STORED DATA:
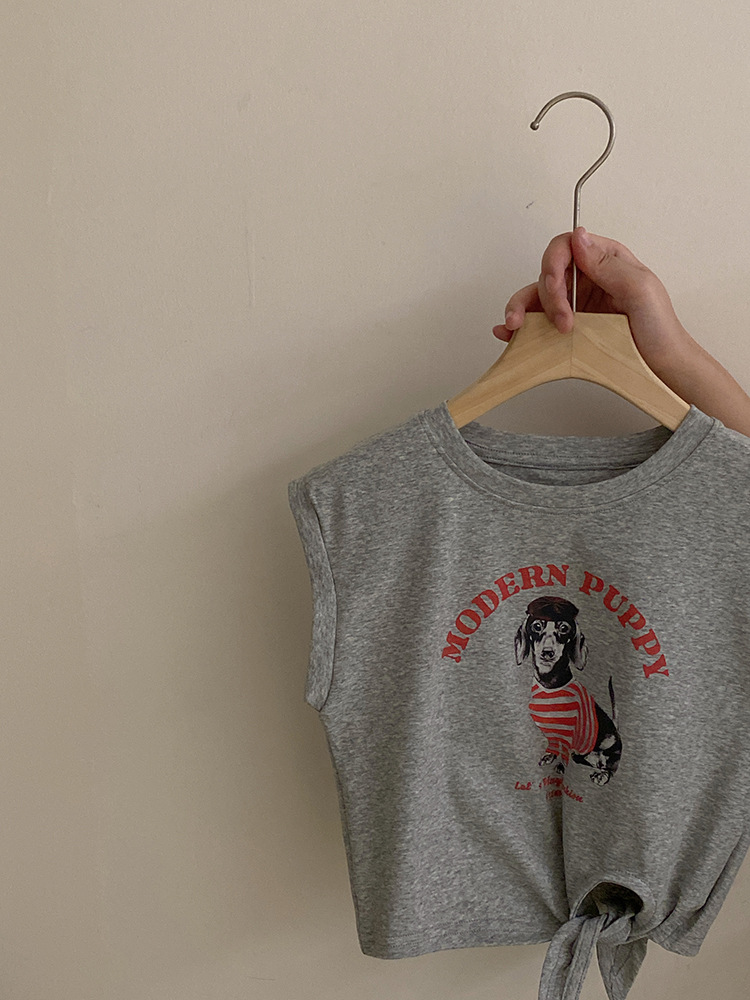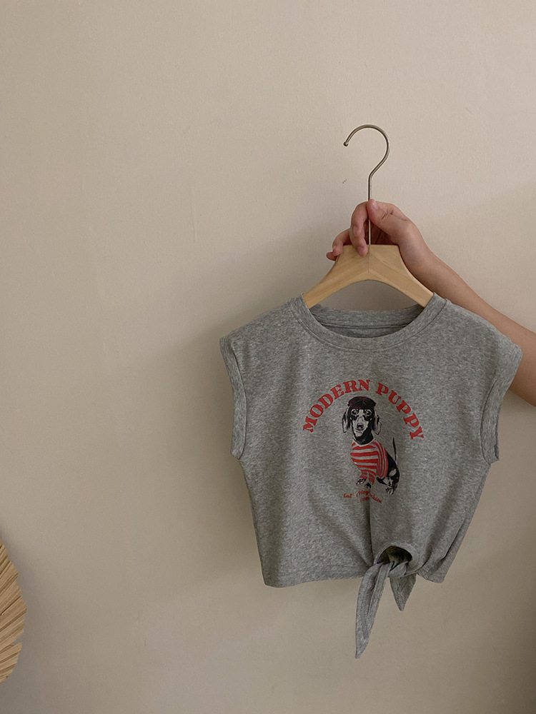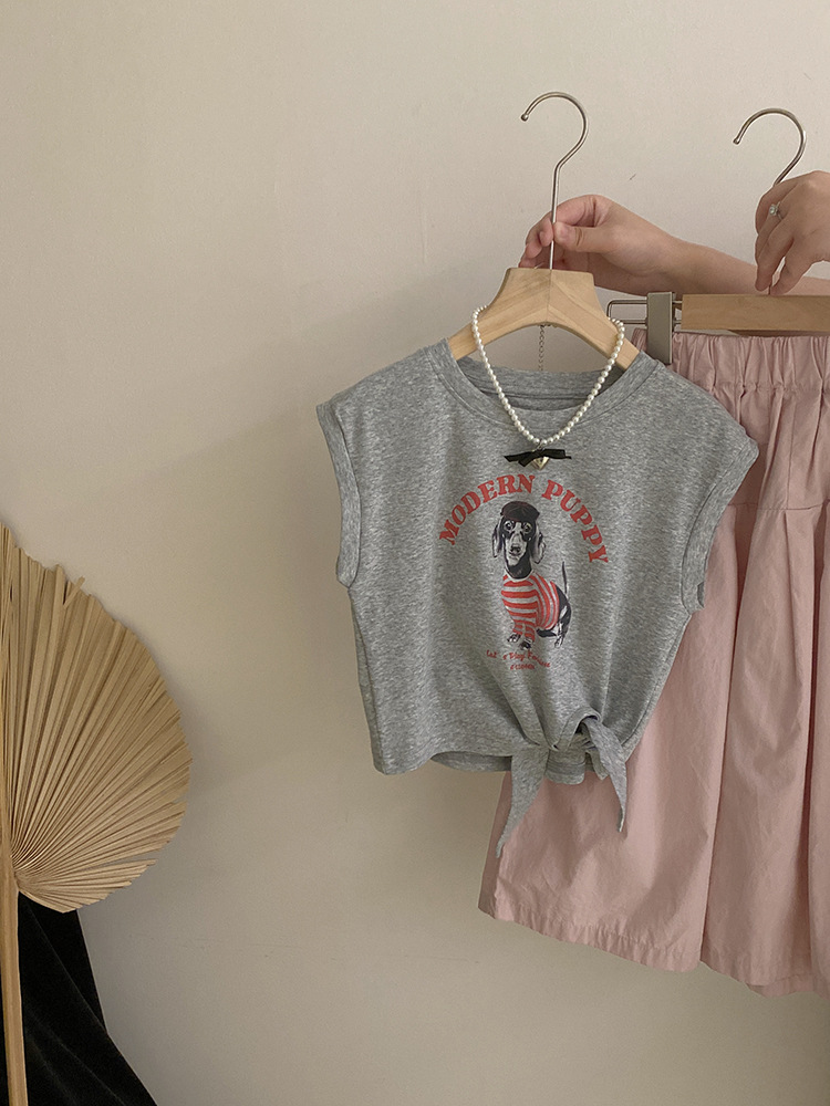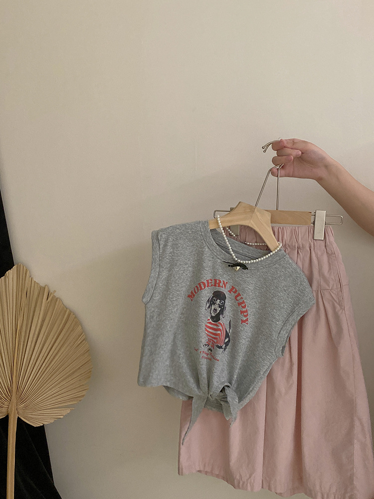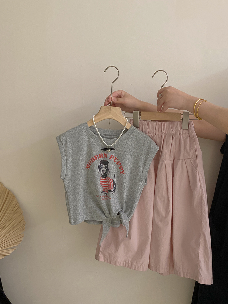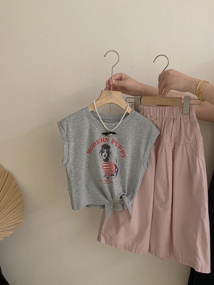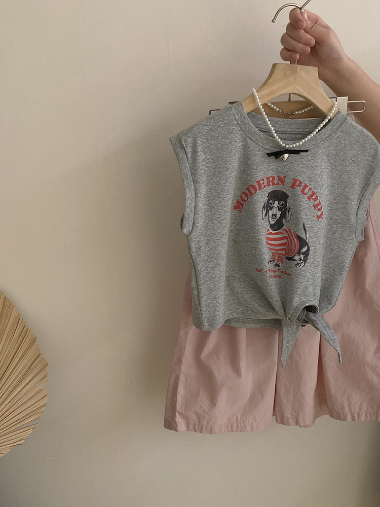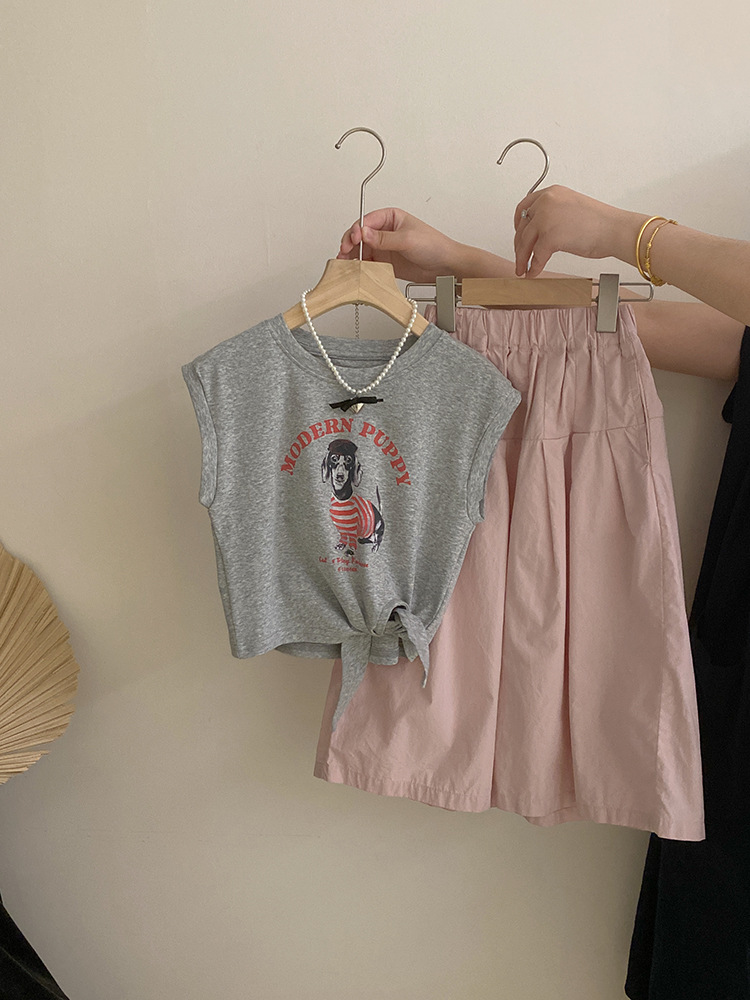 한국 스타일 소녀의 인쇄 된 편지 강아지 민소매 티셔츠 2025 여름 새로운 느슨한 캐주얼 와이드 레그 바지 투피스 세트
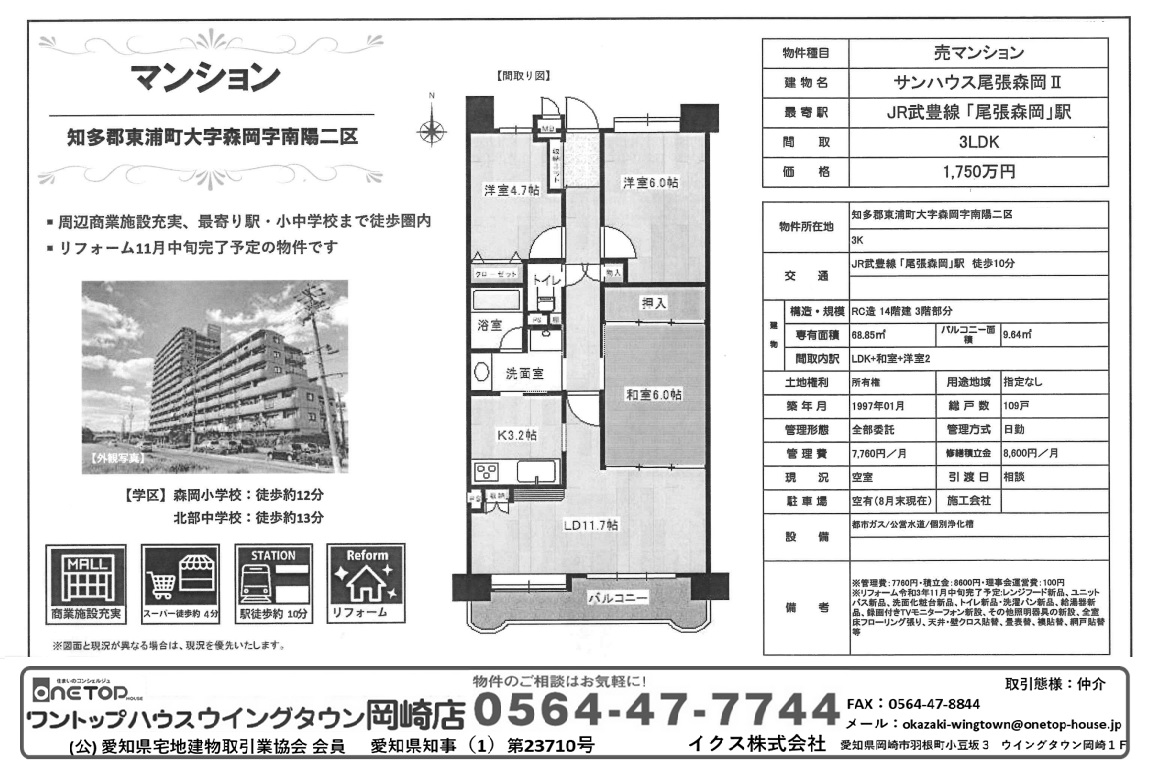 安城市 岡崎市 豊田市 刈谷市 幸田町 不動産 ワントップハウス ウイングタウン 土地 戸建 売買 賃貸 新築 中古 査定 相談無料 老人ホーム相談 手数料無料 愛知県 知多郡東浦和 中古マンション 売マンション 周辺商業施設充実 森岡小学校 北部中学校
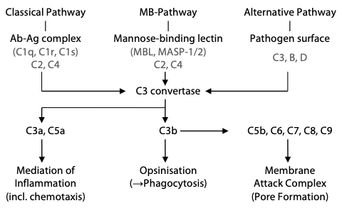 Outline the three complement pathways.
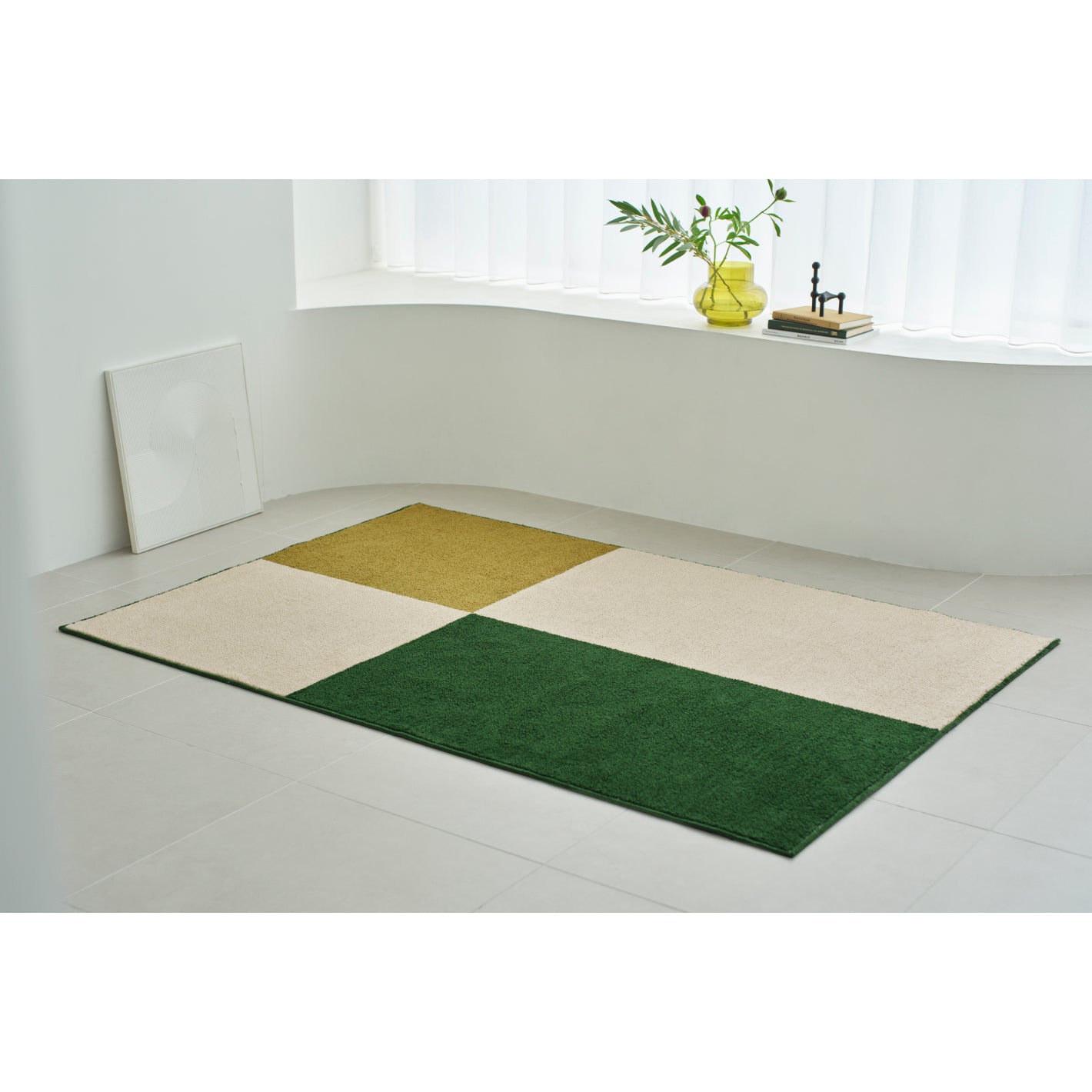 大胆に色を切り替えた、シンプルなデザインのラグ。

DIRECTIONS:
Only the lines that lie between the start of the listing and the line containing "Outline the three complement pathways.", both included, belong in the answer; write them out exactly and omit pictures.

TASK SOLUTION:
 한국 스타일 소녀의 인쇄 된 편지 강아지 민소매 티셔츠 2025 여름 새로운 느슨한 캐주얼 와이드 레그 바지 투피스 세트
 安城市 岡崎市 豊田市 刈谷市 幸田町 不動産 ワントップハウス ウイングタウン 土地 戸建 売買 賃貸 新築 中古 査定 相談無料 老人ホーム相談 手数料無料 愛知県 知多郡東浦和 中古マンション 売マンション 周辺商業施設充実 森岡小学校 北部中学校
 Outline the three complement pathways.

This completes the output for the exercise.